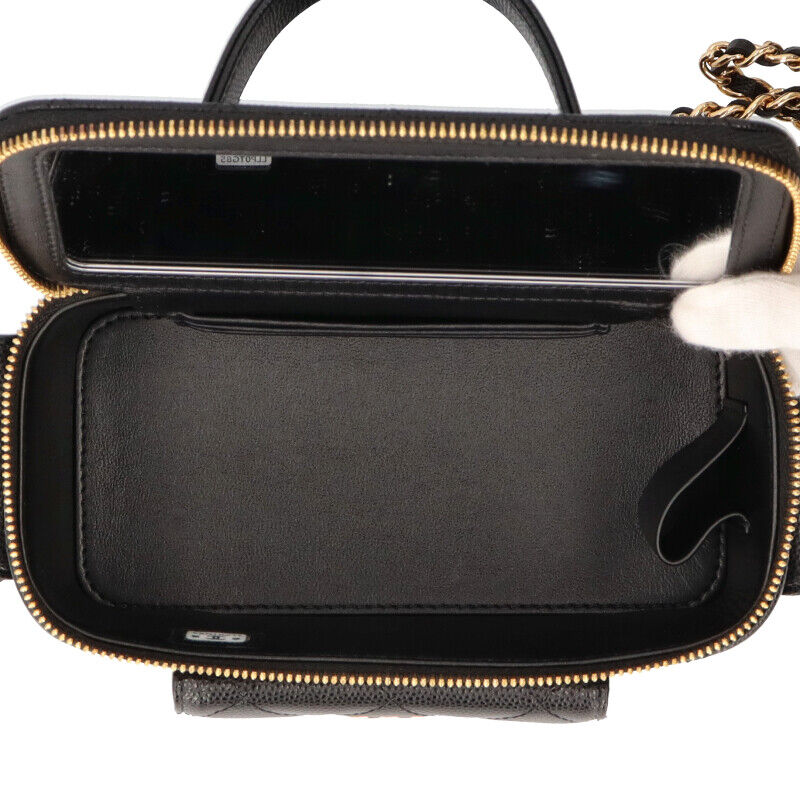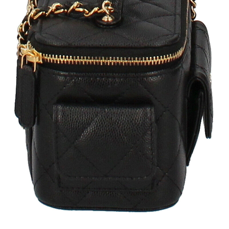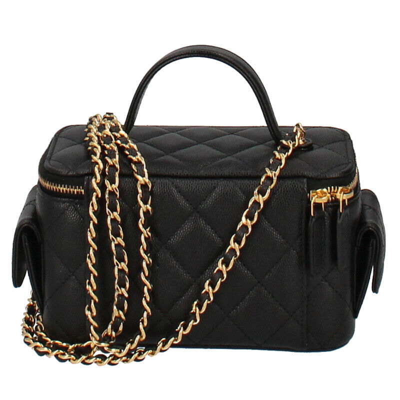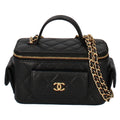 Introducing the iconic Chanel Small Vanity Shoulder Bag in luxurious Caviar skin. This sophisticated accessory is the epitome of timeless elegance, designed for the modern woman on-the-go. Crafted with meticulous attention to detail, the black hue exudes sophistication, making it a versatile piece for any outfit or occasion.
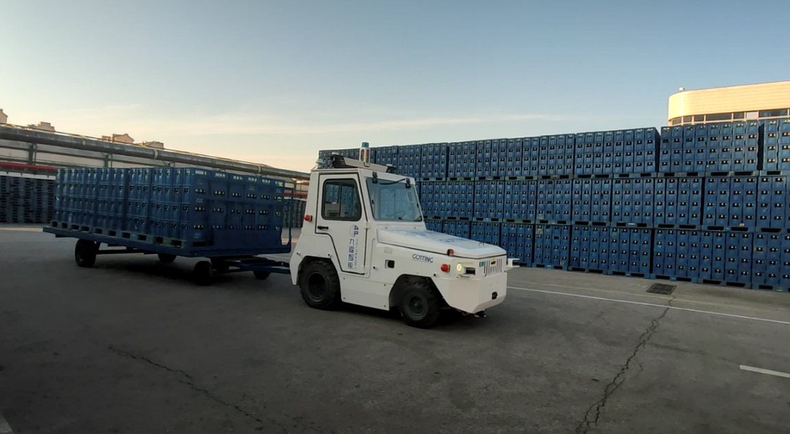 在3年的奋进过程中,九曜智能团队深入实际业务场景调研,不断完善技术及产品,得到了行业客户的高度肯定。 机场行业应用 在货运机场场景中,九曜智能机场机坪无人驾驶解决方案的应用,满足装卸机全流程无人化作业需求,其中Q300型无人驾驶牵引车可实现机坪内多车甩挂作业,且关键作业点精度及稳定性优于人工作业。
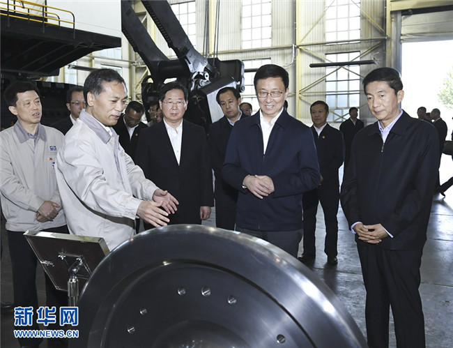 太原重型機械集團有限責(zé)任公司是新中國自行設(shè)計建設(shè)的第一座重型機械廠。韓正來到這里,考察礦山挖掘機、高鐵輪對等先進機械研發(fā)生產(chǎn)情況。韓正強調(diào),重型機械是國之重器,是先進制造業(yè)的重要支撐,要加快產(chǎn)品智能化步伐,提高生產(chǎn)線和生產(chǎn)設(shè)備的國產(chǎn)化率,實現(xiàn)精密零部件加工的技術(shù)突破,積極拓展“一帶一路”沿線國家市場,加強人才隊伍建設(shè),打造具有國際競爭力的高端裝備制造產(chǎn)業(yè)。韓正走進生產(chǎn)車間,勉勵一線工人抓住轉(zhuǎn)型升級機遇,推動企業(yè)加快發(fā)展,實現(xiàn)個人價值。
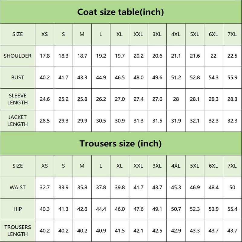 Größentabelle für Mäntel und Hosen in Zoll, grüne Tabelle, Größen XS bis 7XL.
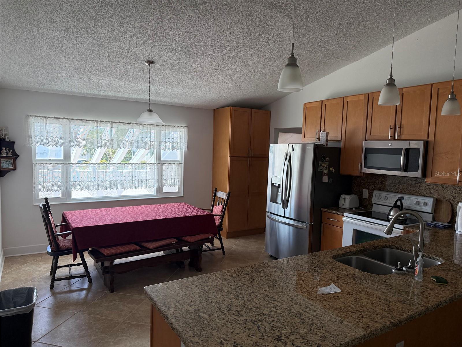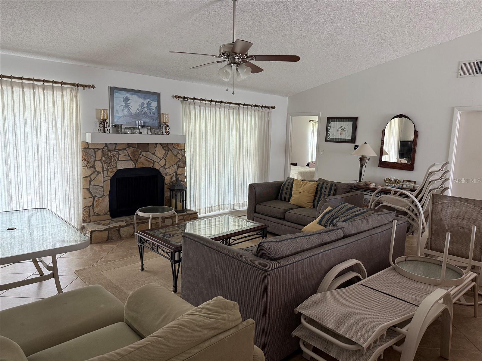 - Ceiling Fans(s), Eat-in Kitchen, Primary Bedroom Main Floor, Split Bedroom, Stone Counters, Thermostat, Window Treatments

(Assignment) What you return must match the records line for line, with the pictures left out.

(Answer for the task)
 Introducing the iconic Chanel Small Vanity Shoulder Bag in luxurious Caviar skin. This sophisticated accessory is the epitome of timeless elegance, designed for the modern woman on-the-go. Crafted with meticulous attention to detail, the black hue exudes sophistication, making it a versatile piece for any outfit or occasion.
 在3年的奋进过程中,九曜智能团队深入实际业务场景调研,不断完善技术及产品,得到了行业客户的高度肯定。 机场行业应用 在货运机场场景中,九曜智能机场机坪无人驾驶解决方案的应用,满足装卸机全流程无人化作业需求,其中Q300型无人驾驶牵引车可实现机坪内多车甩挂作业,且关键作业点精度及稳定性优于人工作业。
 太原重型機械集團有限責(zé)任公司是新中國自行設(shè)計建設(shè)的第一座重型機械廠。韓正來到這里,考察礦山挖掘機、高鐵輪對等先進機械研發(fā)生產(chǎn)情況。韓正強調(diào),重型機械是國之重器,是先進制造業(yè)的重要支撐,要加快產(chǎn)品智能化步伐,提高生產(chǎn)線和生產(chǎn)設(shè)備的國產(chǎn)化率,實現(xiàn)精密零部件加工的技術(shù)突破,積極拓展“一帶一路”沿線國家市場,加強人才隊伍建設(shè),打造具有國際競爭力的高端裝備制造產(chǎn)業(yè)。韓正走進生產(chǎn)車間,勉勵一線工人抓住轉(zhuǎn)型升級機遇,推動企業(yè)加快發(fā)展,實現(xiàn)個人價值。
 Größentabelle für Mäntel und Hosen in Zoll, grüne Tabelle, Größen XS bis 7XL.
 - Ceiling Fans(s), Eat-in Kitchen, Primary Bedroom Main Floor, Split Bedroom, Stone Counters, Thermostat, Window Treatments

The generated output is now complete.